Rachel Dolezal has just published a memoir: “In Full Color: Finding My Place in a Black and White World.” It’s just about as odd as you’d expect.
In addition to talking about growing up with her strictly religious parents when, she claims, she identified as black, Dolezal writes about such life highlights as being born in a teepee with Jesus Christ as a witness and being so poor that she played ball with freshly cut off chicken heads.
She wrote that she had read her grandmother’s National Geographic magazines, where she learned where blackness came from.
–Rachel Dolezal describes oppression she faced while identifying as black–
“I’d stir the water from the hose into the earth … and make thin, soupy mud, which I would then rub on my hands, arms, feet, and legs,” she wrote. “I would pretend to be a dark-skinned princess in the Sahara Desert or one of the Bantu women living in the Congo… imagining I was a different person living in a different place was one of the few ways … that I could escape the oppressive environment I was raised in.”

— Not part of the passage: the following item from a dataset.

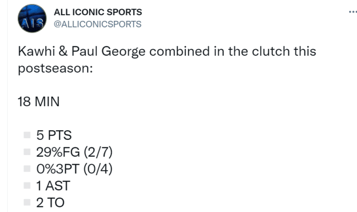 但每每比赛打到关键时刻,两人却又经常掉链子!据美媒hoop central报道,伦纳德和乔治加盟快船以来,两人在第四节或者加时赛最后一分钟,投进即追平或反超比分的出手中,命中率是惨不忍睹的14%!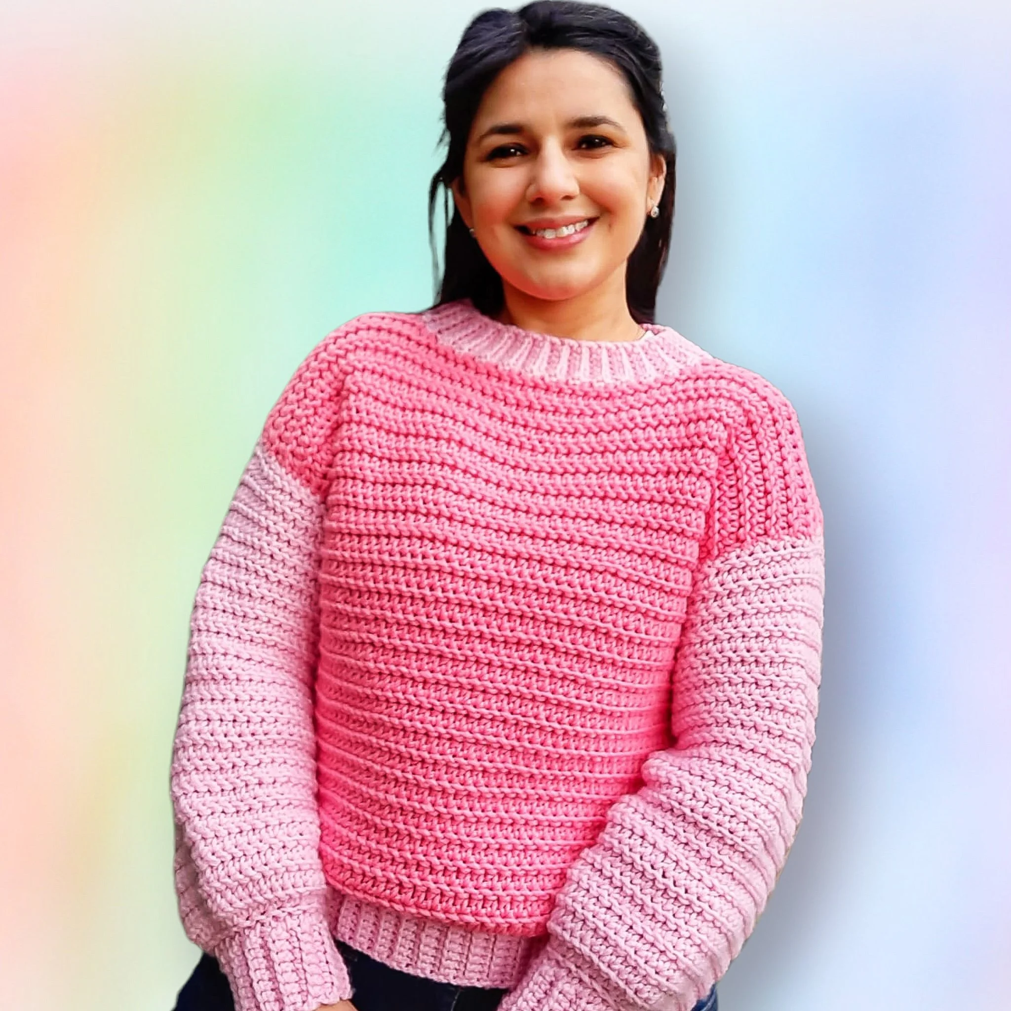I've always admired chunky knitted sweaters, so I decided to create my own version using crochet! I was so fortunate to receive this beautiful chunky yarn, but I quickly realized I didn’t have enough to make a full sweater. With only three balls of light pink and three balls of fuchsia, I had to get creative. After experimenting with various stitch samples to ensure I had enough yarn, I finally discovered the perfect knit-look stitch pattern. It was exactly what I needed to achieve the look I had envisioned for my sweater!

In the book, she also claimed that she was molested by her brother and that her parents would beat her for things as small as breaking a dish.
It wasn’t until her parents adopted four black children, which she says they did for tax reasons, that she “felt like I was truly part of a family.”
She then left her Montana home and attended college in Mississippi, where she began to change her look to fit what she saw as her identity. “As I got more involved with the [Black Student Association], campus activism, and my artwork, the more Afrocentric my appearance became,” Dolezal wrote.
She added, “It became easier for me to let them make assumptions about me. I noticed how much more relaxed and comfortable Black people who assumed I was Black were around me.”
“I felt less like I was adopting a new identity and more like I was unveiling one that had been there all along. Finally able to embrace my true self, I allowed the little girl I’d colored with a brown crayon so long ago to emerge.”